Although 3DUS could accurately reflect changes in tumor size and identify of tumor enlargement to inform the timing of conversion surgery during AS, there were drawbacks that limit its clinical application in routine evaluation. First, the borders identification by 3DUS could be subject to the errors because not all the slices had high imaging quality as well as 2DUS. Although this study showed that the 95% LOA of 3DUS volume was within the clinical criteria, the measurement still needed to be cautious. Second, 3DUS required additional processing of manually outlining the tumor border after scanning, leading to labor-intensive and time-consuming. Third, compared with maximum diameter, the 95%LOAof 3DUS was still relatively larger. It suggested that maximum diameter was not only a practical and simple method for tumor enlargement, but also had high reproducibility.

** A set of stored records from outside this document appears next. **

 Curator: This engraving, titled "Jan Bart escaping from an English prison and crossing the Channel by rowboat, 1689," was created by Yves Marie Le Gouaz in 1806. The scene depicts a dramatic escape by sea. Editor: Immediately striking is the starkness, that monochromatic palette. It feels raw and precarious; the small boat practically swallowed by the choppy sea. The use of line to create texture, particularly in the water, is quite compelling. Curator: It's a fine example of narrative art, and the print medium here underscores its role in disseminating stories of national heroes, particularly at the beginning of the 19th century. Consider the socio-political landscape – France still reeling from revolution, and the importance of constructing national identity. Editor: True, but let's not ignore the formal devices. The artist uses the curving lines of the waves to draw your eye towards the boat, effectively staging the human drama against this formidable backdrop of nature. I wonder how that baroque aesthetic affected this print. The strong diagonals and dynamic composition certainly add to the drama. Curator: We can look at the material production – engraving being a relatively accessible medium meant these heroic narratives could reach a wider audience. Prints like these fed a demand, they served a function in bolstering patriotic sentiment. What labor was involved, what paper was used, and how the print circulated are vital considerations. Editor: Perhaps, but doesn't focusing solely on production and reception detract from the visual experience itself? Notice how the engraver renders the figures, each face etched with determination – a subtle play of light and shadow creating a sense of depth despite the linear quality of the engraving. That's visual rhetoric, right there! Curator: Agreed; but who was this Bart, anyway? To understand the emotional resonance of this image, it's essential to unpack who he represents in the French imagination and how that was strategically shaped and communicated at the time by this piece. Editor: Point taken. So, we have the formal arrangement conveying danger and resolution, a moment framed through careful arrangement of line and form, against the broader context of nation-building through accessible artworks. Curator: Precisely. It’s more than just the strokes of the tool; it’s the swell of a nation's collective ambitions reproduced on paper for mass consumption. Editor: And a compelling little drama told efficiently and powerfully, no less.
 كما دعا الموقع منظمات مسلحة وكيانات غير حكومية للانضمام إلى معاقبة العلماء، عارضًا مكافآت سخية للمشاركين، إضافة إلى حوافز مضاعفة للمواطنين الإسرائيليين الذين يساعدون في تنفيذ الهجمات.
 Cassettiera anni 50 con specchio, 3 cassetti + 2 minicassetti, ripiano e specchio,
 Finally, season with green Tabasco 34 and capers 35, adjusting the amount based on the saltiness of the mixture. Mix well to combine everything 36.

However, the tumor growth pattern of PTMC was complicated. Some studies reported that PTMC grew rather rapidly in the initial stages of progression, and in many cases the growth decreased or even vanished at certain time points [13, 37]. Therefore, a comprehensive evaluation of tumor size during AS is needed and 3DUS could provide more reliable estimates of tumor volume change.

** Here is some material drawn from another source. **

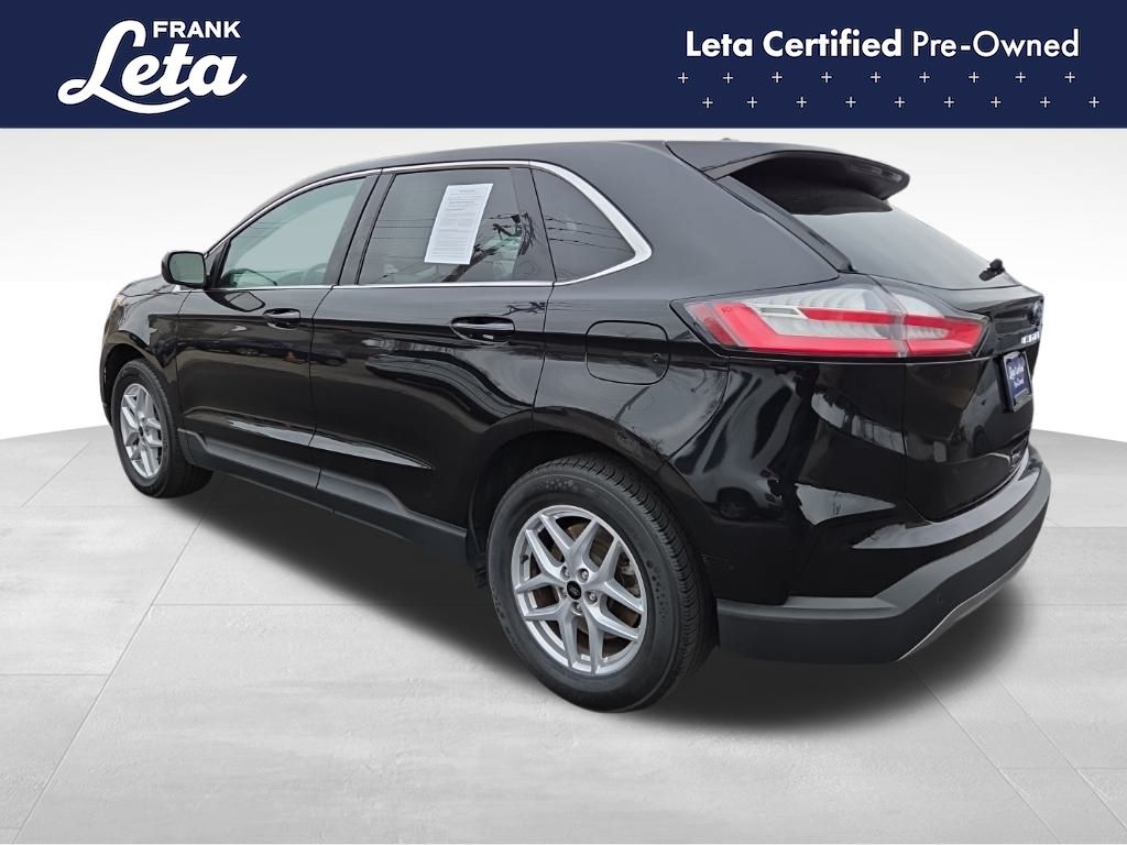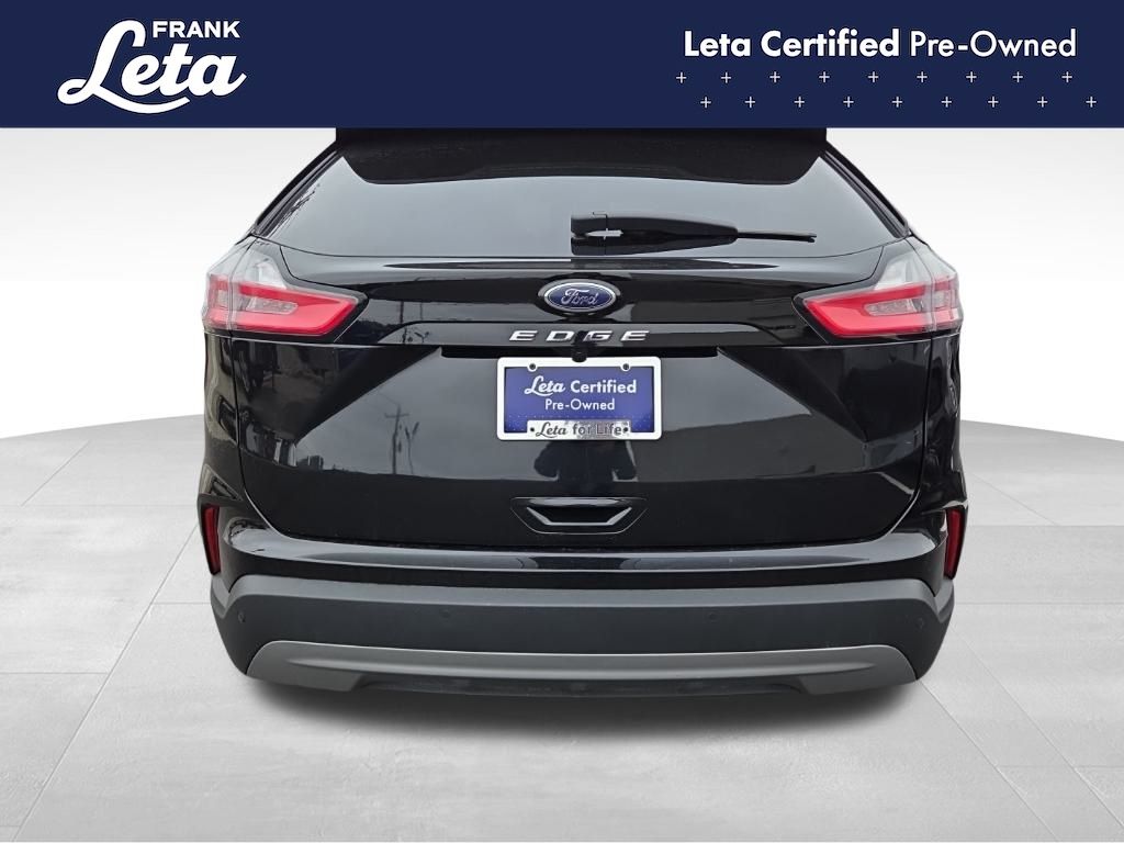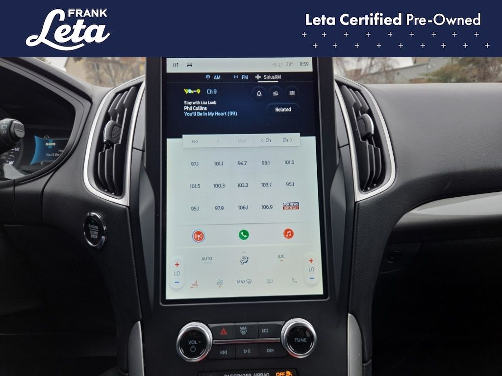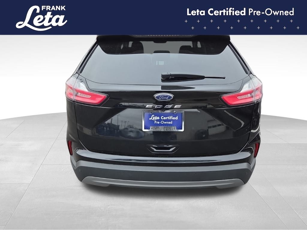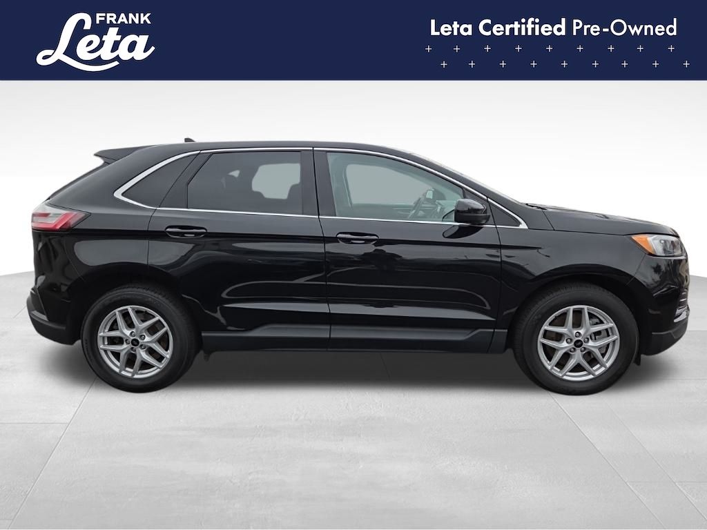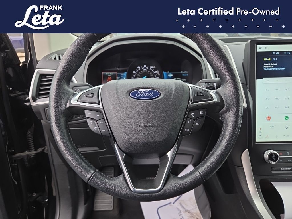 CARFAX One-Owner. 2024 Ford Edge SEL Black Metallic Edge SEL, Frank Leta Certified Certified, EcoBoost 2.0L I4 GTDi DOHC Turbocharged VCT, AWD, Black Metallic, Ebony w/ActiveX Trimmed Heated Bucket Seats, ActiveX Trimmed Heated Bucket Seats, Auto-dimming Rear-View mirror, Front dual zone A/C, Fully automatic headlights, Heated door mirrors, Heated front seats, Leather steering wheel, Power Liftgate, Rear Parking Sensors, Wheels: 18" Sparkle Silver-Painted Aluminum, 3.80 Axle Ratio, 4-Wheel Disc Brakes, 6 Speakers, ABS brakes, Air Conditioning, AM/FM radio: SiriusXM with 360L, AM/FM Stereo, Auto High-beam Headlights, Automatic temperature control, Brake assist, Bumpers: body-color, Compass, Delay-off headlights, Driver door bin, Driver vanity mirror, Dual front impact airbags, Dual front side impact airbags, Electronic Stability Control, Emergency communication system: SYNC 4 911 Assist, FordPass Connect, Four wheel independent suspension, Front anti-roll bar, Front Bucket Seats, Front Center Armrest w/Storage, Front reading lights, Illuminated entry, Knee airbag, Low tire pressure warning, Occupant sensing airbag, Outside temperature display, Overhead airbag, Overhead console, Panic alarm, Passenger door bin, Passenger vanity mirror, Power door mirrors, Power driver seat, Power passenger seat, Power steering, Power windows, Rear anti-roll bar, Rear reading lights, Rear seat center armrest, Rear window defroster, Rear window wiper, Remote keyless entry, SiriusXM w/360L, Speed control, Speed-Sensitive Wipers, Split folding rear seat, Spoiler, Steering wheel mounted audio controls, SYNC 4A w/Enhanced Voice Recognition, Tachometer, Telescoping steering wheel, Tilt steering wheel, Traction control, Trip computer, Variably intermittent wipers, Edge SEL, EcoBoost 2.0L I4 GTDi DOHC Turbocharged VCT, AWD, Black Metallic, Ebony w/ActiveX Trimmed Heated Bucket Seats, ActiveX Trimmed Heated Bucket Seats, Auto-dimming Rear-View mirror, Front dual zone A/C, Fully automatic headlights, Heated door mirrors, Heated front seats, Leather steering wheel, Power Liftgate, Rear Parking Sensors, Wheels: 18" Sparkle Silver-Painted Aluminum. EcoBoost 2.0L I4 GTDi DOHC Turbocharged VCT 8-Speed Automatic AWD 4D Sport Utility 21/28 City/Highway MPG

This study had limitations. First, this study only evaluated the inter-observer measurement variation of PTMC, thus we did not obtain the true volume of tumor. Second, only one US machine has been used in this study. In clinical routine procedure, it was almost impossible to measure the tumor by the same US machine at each follow-up period. Further studies used two different machines are needed to confirm the results. Third, because only 9 patients in this study had Hashimoto thyroiditis, its impact on the measurement variation was not evaluated. Fourth, this study only enrolled patients with solitary PTMC. Further study is needed to investigate whether the results can be applied to multifocal PTMC.

Conclusions

The inter-observer reliability of PTMC measurements by 2DUS and 3DUS were excellent. For PTMC, any ratio difference from 0.7322 to 1.459 in maximum diameter, or from 0.5802 to 1.435 in 2DUS volume, or from 0.7576 to 1.265 in 3DUS volume could be considered as the measurement variation for patients with PTMC. Maximum diameter had the lowest degree of observer variation, which was more practical and simple measurement of PTMC. Volume measured by 3DUS had lower variability and higher repeatability than that by 2DUS, which might be helpful to provide more reliable estimates of tumor size for PTMC.